## ENTRIES SHOWN
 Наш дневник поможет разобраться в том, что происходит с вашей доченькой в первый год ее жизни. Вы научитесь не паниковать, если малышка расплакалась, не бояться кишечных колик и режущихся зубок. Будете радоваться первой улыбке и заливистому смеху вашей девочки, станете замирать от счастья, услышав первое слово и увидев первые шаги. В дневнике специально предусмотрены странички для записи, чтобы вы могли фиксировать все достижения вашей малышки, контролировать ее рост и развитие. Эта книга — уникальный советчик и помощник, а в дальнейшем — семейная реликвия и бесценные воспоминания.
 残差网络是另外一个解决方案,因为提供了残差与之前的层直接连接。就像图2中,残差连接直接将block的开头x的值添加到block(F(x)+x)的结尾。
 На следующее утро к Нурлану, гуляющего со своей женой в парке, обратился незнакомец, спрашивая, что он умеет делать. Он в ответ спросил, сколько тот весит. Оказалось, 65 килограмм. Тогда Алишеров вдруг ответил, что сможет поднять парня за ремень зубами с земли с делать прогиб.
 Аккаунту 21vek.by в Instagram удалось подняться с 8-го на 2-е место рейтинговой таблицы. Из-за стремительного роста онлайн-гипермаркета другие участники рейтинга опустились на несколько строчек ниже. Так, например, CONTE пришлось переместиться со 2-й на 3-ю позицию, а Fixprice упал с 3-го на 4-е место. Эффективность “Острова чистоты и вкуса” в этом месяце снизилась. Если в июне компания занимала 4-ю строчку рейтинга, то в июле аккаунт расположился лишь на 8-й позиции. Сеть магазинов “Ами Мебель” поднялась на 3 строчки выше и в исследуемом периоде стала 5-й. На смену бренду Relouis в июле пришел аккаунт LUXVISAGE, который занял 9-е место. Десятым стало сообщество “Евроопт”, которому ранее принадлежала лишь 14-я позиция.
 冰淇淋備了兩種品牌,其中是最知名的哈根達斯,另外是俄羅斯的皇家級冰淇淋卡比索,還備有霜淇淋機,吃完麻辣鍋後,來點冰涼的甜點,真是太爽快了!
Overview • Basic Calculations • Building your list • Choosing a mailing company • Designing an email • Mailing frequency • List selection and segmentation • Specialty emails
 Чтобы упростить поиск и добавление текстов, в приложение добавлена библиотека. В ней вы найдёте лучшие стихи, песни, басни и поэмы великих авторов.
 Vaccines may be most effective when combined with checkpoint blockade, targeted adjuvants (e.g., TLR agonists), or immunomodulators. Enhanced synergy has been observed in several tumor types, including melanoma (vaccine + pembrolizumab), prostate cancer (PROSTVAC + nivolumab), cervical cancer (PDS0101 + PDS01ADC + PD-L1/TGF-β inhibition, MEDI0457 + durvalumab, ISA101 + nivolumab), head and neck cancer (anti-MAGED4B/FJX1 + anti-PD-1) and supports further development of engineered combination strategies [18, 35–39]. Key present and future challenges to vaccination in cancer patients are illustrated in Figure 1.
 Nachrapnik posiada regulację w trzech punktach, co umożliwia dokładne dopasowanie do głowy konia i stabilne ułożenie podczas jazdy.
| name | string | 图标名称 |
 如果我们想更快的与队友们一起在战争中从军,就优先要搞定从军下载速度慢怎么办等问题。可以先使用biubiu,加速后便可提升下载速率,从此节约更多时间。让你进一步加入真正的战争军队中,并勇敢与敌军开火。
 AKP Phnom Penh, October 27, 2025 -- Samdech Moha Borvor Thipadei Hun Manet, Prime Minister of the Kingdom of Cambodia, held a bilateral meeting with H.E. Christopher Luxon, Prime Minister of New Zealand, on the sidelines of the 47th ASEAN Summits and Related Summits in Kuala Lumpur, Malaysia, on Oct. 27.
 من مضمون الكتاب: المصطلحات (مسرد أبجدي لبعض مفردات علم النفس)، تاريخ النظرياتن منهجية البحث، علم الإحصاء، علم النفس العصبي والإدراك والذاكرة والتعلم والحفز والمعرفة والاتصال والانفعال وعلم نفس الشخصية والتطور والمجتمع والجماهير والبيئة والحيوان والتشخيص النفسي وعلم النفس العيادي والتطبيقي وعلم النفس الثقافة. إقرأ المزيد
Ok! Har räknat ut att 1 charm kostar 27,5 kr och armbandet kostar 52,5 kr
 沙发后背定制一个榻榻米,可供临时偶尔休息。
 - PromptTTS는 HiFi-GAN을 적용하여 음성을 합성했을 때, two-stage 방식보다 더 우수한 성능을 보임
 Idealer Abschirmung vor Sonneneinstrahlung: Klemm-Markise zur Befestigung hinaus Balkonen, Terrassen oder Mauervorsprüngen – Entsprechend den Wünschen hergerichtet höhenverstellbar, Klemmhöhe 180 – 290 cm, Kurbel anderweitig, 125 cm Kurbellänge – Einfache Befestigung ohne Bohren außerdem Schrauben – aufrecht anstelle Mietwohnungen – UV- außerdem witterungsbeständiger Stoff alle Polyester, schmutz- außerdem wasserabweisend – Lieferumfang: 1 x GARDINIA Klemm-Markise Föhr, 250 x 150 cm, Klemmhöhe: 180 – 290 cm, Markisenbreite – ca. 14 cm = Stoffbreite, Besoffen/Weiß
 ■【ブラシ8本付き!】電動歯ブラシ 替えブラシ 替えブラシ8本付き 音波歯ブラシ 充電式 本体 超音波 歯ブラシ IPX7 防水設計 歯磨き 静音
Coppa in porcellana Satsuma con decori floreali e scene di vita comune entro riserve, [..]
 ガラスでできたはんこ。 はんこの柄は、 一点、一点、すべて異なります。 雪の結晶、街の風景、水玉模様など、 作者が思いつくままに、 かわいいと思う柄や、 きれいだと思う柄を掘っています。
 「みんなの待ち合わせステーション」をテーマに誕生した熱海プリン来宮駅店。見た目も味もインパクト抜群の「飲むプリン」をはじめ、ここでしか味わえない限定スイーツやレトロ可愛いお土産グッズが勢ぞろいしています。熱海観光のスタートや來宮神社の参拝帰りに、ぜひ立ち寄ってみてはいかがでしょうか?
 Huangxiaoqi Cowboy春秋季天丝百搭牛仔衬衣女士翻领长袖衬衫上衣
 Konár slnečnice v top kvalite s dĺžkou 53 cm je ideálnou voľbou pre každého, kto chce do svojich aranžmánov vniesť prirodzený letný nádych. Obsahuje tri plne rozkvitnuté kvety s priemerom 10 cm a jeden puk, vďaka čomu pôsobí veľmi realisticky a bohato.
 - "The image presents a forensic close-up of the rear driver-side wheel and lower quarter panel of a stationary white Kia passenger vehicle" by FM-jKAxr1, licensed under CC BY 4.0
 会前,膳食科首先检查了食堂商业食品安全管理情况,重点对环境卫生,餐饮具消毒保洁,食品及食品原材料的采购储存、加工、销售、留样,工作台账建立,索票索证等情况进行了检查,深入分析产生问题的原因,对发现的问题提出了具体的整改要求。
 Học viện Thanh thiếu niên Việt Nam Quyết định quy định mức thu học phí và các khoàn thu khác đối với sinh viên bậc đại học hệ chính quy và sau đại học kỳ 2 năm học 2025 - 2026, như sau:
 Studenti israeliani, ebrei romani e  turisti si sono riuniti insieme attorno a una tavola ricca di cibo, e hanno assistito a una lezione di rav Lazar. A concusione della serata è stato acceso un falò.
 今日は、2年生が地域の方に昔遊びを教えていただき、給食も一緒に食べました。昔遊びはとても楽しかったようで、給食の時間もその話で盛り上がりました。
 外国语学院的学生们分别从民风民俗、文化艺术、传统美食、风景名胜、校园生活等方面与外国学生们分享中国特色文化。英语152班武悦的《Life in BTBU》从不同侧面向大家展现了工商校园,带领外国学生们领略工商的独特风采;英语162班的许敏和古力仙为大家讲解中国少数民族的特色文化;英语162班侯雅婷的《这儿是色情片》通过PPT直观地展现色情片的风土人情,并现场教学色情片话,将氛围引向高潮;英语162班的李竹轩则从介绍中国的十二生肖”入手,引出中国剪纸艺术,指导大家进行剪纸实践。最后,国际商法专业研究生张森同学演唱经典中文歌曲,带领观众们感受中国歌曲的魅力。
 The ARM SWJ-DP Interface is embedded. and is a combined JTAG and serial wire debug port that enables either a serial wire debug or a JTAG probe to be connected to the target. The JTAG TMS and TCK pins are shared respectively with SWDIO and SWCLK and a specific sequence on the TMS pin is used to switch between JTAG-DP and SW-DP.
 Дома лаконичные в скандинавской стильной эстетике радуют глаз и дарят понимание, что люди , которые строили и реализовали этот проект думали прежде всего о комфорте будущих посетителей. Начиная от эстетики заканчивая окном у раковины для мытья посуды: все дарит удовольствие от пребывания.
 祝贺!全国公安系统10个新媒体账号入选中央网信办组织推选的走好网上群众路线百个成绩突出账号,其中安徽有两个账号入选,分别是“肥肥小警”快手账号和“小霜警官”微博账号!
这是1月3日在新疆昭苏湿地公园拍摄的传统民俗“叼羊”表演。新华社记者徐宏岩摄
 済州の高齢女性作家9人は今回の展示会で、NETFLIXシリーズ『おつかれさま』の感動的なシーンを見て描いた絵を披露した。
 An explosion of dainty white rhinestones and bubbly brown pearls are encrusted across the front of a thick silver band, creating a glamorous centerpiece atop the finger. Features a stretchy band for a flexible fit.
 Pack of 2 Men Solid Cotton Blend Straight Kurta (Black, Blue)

## TASK BRIEF
Reproduce exactly the line that holds "Studenti israeliani, ebrei", then every line after it, ending with the final line of the records above.

## ANSWER BELOW
 Studenti israeliani, ebrei romani e  turisti si sono riuniti insieme attorno a una tavola ricca di cibo, e hanno assistito a una lezione di rav Lazar. A concusione della serata è stato acceso un falò.
 今日は、2年生が地域の方に昔遊びを教えていただき、給食も一緒に食べました。昔遊びはとても楽しかったようで、給食の時間もその話で盛り上がりました。
 外国语学院的学生们分别从民风民俗、文化艺术、传统美食、风景名胜、校园生活等方面与外国学生们分享中国特色文化。英语152班武悦的《Life in BTBU》从不同侧面向大家展现了工商校园,带领外国学生们领略工商的独特风采;英语162班的许敏和古力仙为大家讲解中国少数民族的特色文化;英语162班侯雅婷的《这儿是色情片》通过PPT直观地展现色情片的风土人情,并现场教学色情片话,将氛围引向高潮;英语162班的李竹轩则从介绍中国的十二生肖”入手,引出中国剪纸艺术,指导大家进行剪纸实践。最后,国际商法专业研究生张森同学演唱经典中文歌曲,带领观众们感受中国歌曲的魅力。
 The ARM SWJ-DP Interface is embedded. and is a combined JTAG and serial wire debug port that enables either a serial wire debug or a JTAG probe to be connected to the target. The JTAG TMS and TCK pins are shared respectively with SWDIO and SWCLK and a specific sequence on the TMS pin is used to switch between JTAG-DP and SW-DP.
 Дома лаконичные в скандинавской стильной эстетике радуют глаз и дарят понимание, что люди , которые строили и реализовали этот проект думали прежде всего о комфорте будущих посетителей. Начиная от эстетики заканчивая окном у раковины для мытья посуды: все дарит удовольствие от пребывания.
 祝贺!全国公安系统10个新媒体账号入选中央网信办组织推选的走好网上群众路线百个成绩突出账号,其中安徽有两个账号入选,分别是“肥肥小警”快手账号和“小霜警官”微博账号!
这是1月3日在新疆昭苏湿地公园拍摄的传统民俗“叼羊”表演。新华社记者徐宏岩摄
 済州の高齢女性作家9人は今回の展示会で、NETFLIXシリーズ『おつかれさま』の感動的なシーンを見て描いた絵を披露した。
 An explosion of dainty white rhinestones and bubbly brown pearls are encrusted across the front of a thick silver band, creating a glamorous centerpiece atop the finger. Features a stretchy band for a flexible fit.
 Pack of 2 Men Solid Cotton Blend Straight Kurta (Black, Blue)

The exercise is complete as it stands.